▸ RECORDED DATA:
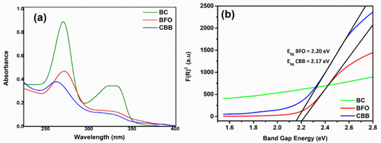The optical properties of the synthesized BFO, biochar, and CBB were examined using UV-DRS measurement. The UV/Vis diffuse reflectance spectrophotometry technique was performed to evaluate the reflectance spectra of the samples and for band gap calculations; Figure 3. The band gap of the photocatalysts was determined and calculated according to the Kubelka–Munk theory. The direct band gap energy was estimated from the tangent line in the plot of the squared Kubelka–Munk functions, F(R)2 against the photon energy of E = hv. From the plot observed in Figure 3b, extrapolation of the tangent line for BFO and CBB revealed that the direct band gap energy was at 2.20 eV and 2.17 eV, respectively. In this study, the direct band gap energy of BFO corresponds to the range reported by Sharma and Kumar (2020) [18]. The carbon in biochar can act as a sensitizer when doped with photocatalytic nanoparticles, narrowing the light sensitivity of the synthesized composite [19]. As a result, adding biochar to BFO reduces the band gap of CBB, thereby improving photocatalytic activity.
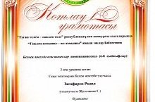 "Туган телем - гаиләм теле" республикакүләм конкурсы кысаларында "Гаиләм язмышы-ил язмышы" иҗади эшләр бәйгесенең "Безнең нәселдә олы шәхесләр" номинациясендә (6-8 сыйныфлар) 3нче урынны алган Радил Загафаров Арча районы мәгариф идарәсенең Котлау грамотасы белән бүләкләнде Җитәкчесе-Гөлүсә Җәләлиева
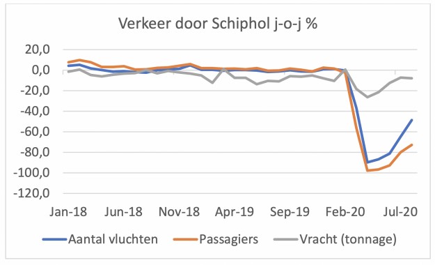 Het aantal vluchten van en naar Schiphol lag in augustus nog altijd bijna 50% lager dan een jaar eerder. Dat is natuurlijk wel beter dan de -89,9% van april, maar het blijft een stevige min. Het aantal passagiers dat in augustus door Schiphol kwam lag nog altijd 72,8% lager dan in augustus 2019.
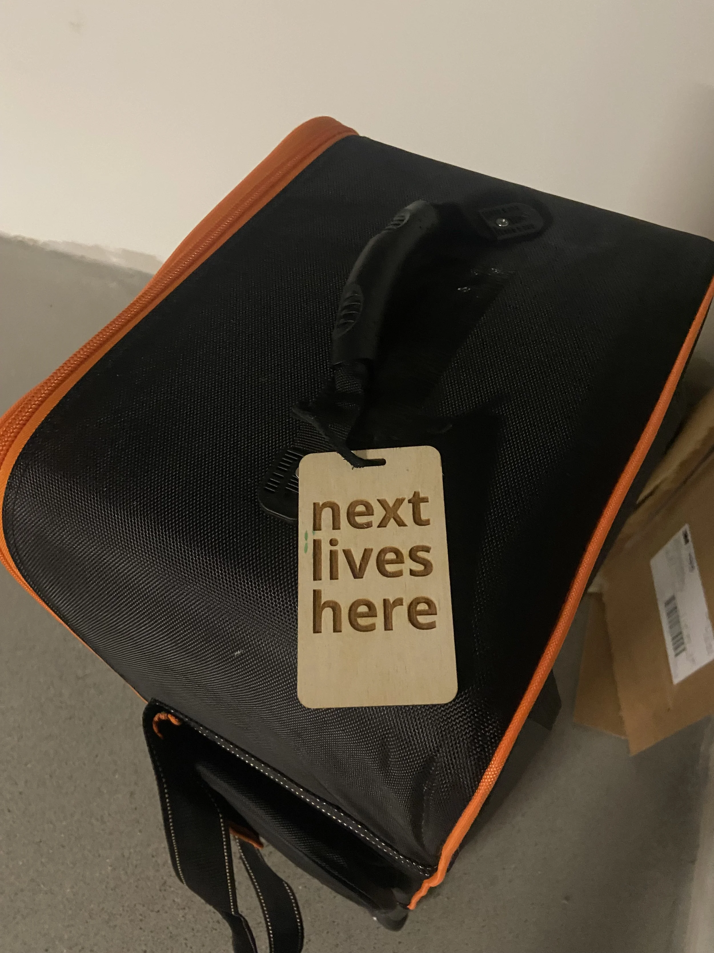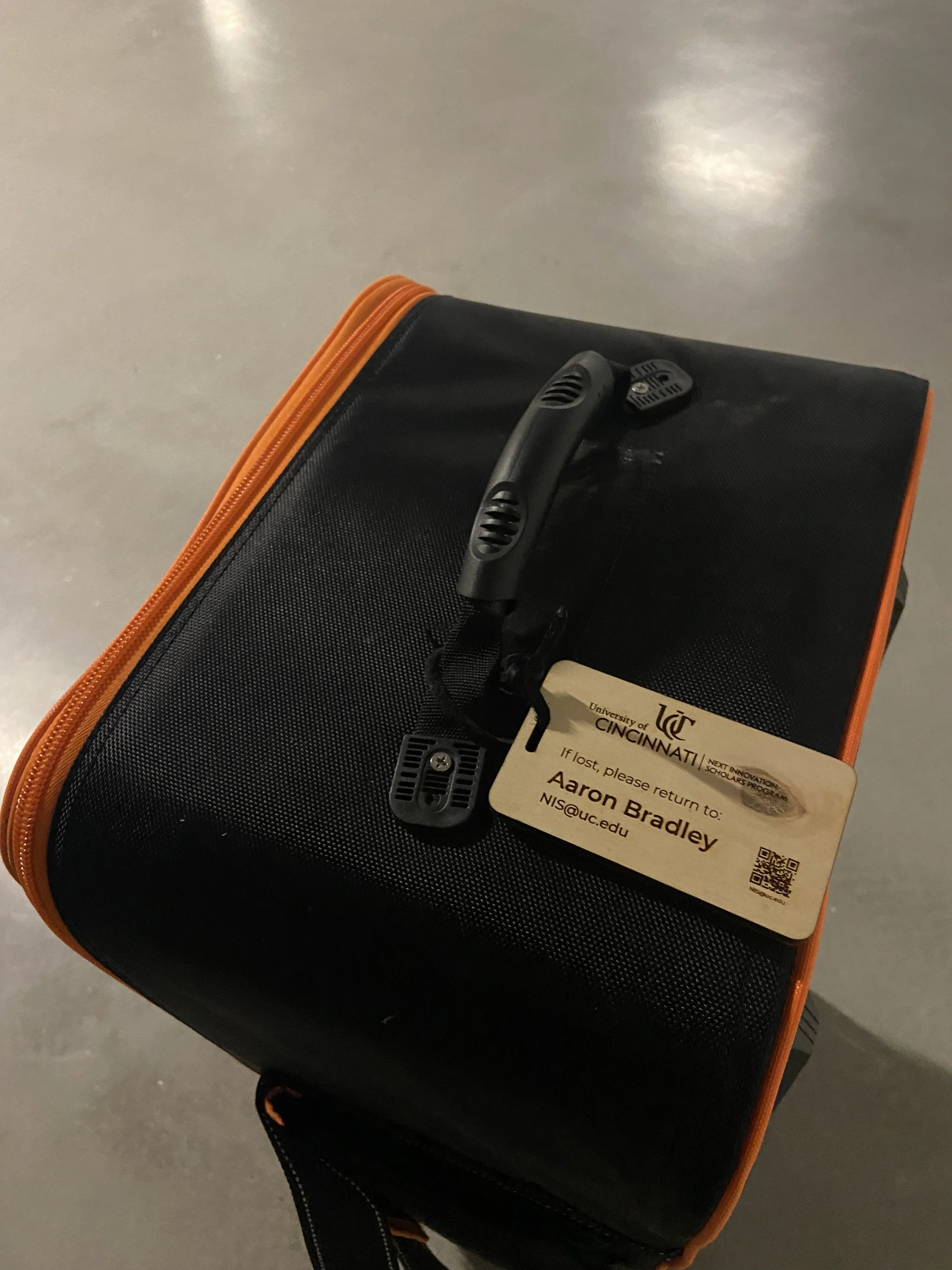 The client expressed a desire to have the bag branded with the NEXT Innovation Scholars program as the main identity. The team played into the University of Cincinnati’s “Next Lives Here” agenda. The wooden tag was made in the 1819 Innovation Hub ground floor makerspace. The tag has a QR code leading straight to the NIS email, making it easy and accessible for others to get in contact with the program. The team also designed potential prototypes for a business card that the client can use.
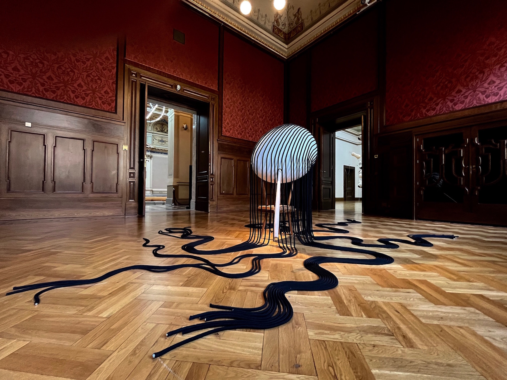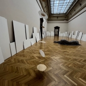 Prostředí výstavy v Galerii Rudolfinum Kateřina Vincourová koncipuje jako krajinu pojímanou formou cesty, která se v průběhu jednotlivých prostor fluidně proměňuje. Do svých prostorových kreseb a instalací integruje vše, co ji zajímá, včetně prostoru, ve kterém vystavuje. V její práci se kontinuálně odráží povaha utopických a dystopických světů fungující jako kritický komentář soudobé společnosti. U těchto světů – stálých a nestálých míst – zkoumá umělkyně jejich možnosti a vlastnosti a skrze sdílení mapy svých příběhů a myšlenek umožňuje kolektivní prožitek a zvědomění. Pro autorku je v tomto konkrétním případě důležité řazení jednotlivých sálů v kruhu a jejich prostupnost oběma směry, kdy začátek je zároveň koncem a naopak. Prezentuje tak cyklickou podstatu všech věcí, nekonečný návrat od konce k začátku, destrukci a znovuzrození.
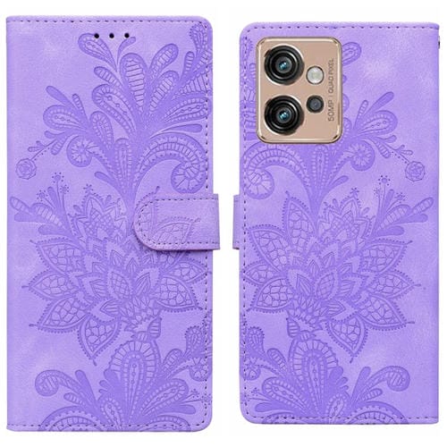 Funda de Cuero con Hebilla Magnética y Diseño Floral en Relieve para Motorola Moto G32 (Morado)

...

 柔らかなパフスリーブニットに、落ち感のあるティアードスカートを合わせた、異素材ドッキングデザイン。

▸ AIM OF THE TASK: Using the records above, print exactly the run of lines that starts with the line with "Het aantal vluchten" and goes on through the line with "The client expressed", pictures excluded.

▸ RESPONSE AREA:
 Het aantal vluchten van en naar Schiphol lag in augustus nog altijd bijna 50% lager dan een jaar eerder. Dat is natuurlijk wel beter dan de -89,9% van april, maar het blijft een stevige min. Het aantal passagiers dat in augustus door Schiphol kwam lag nog altijd 72,8% lager dan in augustus 2019.
 The client expressed a desire to have the bag branded with the NEXT Innovation Scholars program as the main identity. The team played into the University of Cincinnati’s “Next Lives Here” agenda. The wooden tag was made in the 1819 Innovation Hub ground floor makerspace. The tag has a QR code leading straight to the NIS email, making it easy and accessible for others to get in contact with the program. The team also designed potential prototypes for a business card that the client can use.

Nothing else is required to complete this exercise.